We kunnen een goed bonenexperiment niet weerstaan. Bekijk het hieronder.
Germinatie is het proces waarbij een zaadje verandert in een zaailing. Dit proces begint wanneer een droog, slapend zaadje, zoals een kidneyboon, op een vochtige warme plaats wordt bewaard. Het zaad absorbeert water en de zaadhuid breekt open. Eerst verschijnt het begin van het wortelstelsel, dat naar beneden groeit. Dan groeit een scheut naar boven en produceert de stengel en bladeren. Deze jonge plant wordt een zaailing genoemd.
Volg de eenvoudige stappen hieronder om de groei en ontwikkeling van planten te observeren.
Nodig materiaal:
1 doorzichtige plastic plantenbeker, 7 oz.
Voldoende bevochtigde potgrond om de plastic beker te vullen
Twee kidneyboonzaden (aanbevolen kidneyboonzaden omdat ze er 4-8 dagen over doen om te ontkiemen)
1 plastic lepel
1 potlood
1 rol transparant plakband
1 plantenspuit om water te geven (optioneel)
Aan de slag:
Vraag uw kind om één zaadje aan de buitenkant van zijn/haar beker vast te plakken.
Vul het plastic bekertje met zoveel aarde dat het de rand bereikt.

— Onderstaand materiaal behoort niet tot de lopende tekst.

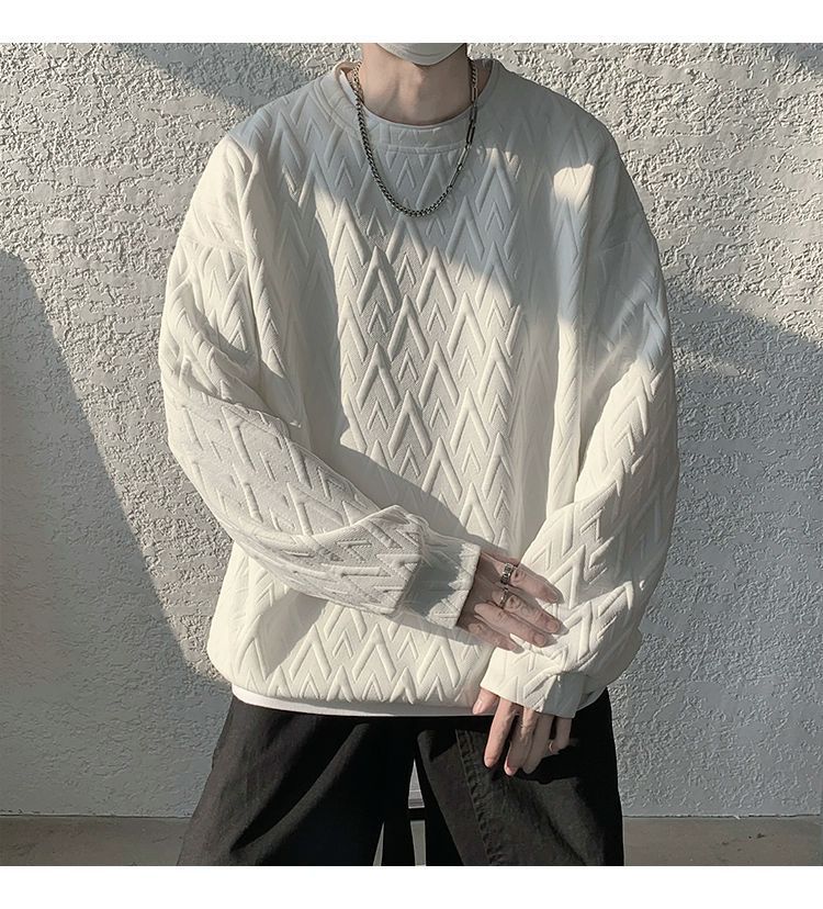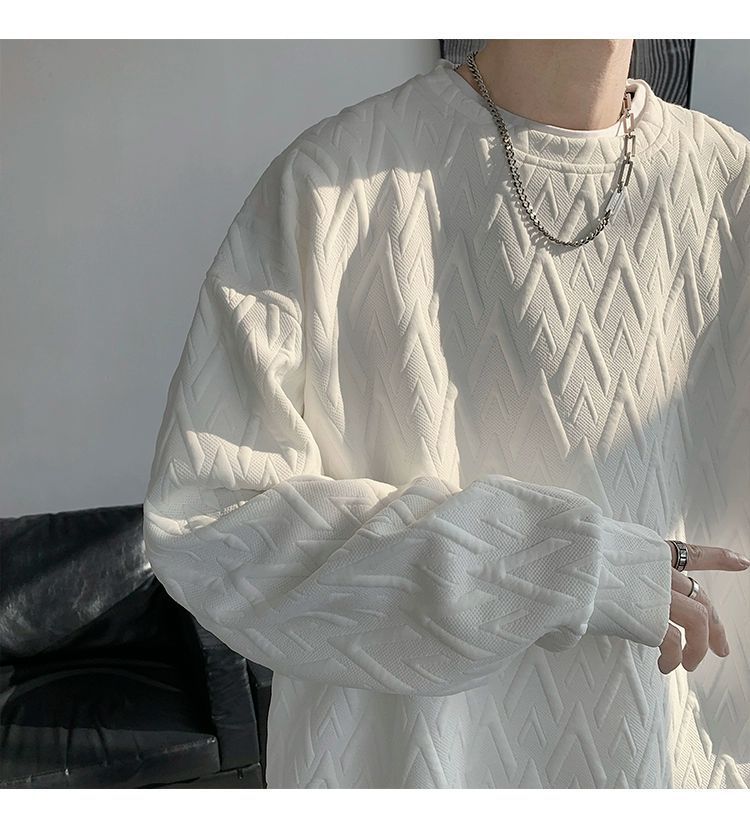 흰색 바로크 헤비 스웨터 남성용 고급 봄과 가을 디자인 감각 후드 언더 셔츠 오버 사이즈스토어 가기

Gebruik een lepel om de bovenkant van de aarde glad te strijken.
Gebruik de potloodgum om een gaatje te prikken ongeveer 1 centimeter onder de aarde.
Plaats een zaadje van een kidneyboon in het gaatje tegen de zijkant van de beker, zodat het kind beter kan zien hoe het zaadje verandert. Bedek het zaadje met aarde.
Gebruik een plantenspuit om de aarde goed te bevochtigen.
De plant moet op een plank of tafel bij een raam worden gezet om voldoende licht te krijgen.
Een kleine plantstok kan nodig zijn om hogere planten zoals de kidneyboon en de zonnebloem te ondersteunen.
Voorspellingen en overdenkingen:
Vraag uw kind bij het begin te voorspellen wat hij/zij denkt dat er met zijn/haar zaadjes zal gebeuren.
Vraag uw kind hoe hij of zij kan zien wanneer een plant water nodig heeft. Een voorbeeld van een antwoord is – geef de plant water omdat hij er droog uitziet of een plant heeft water en zon nodig of zet hem bij een raam.
Vraag de leerling om zijn/haar zaadje dagelijks door de beker te bekijken en het te vergelijken met het zaadje dat aan de buitenkant van de beker is geplakt. Als het zaad veranderd is, teken dan de veranderingen en beschrijf ze.
Controleer dagelijks of de plant water nodig heeft. Om te zien wanneer de plant water nodig heeft, kan de leerling een vinger voorzichtig in de aarde in het midden van de plantenbak steken. Als de grond vochtig aanvoelt, heeft de plant geen water nodig.
Leerlingen kunnen dagelijks de planthoogte meten en individuele groeigrafieken maken.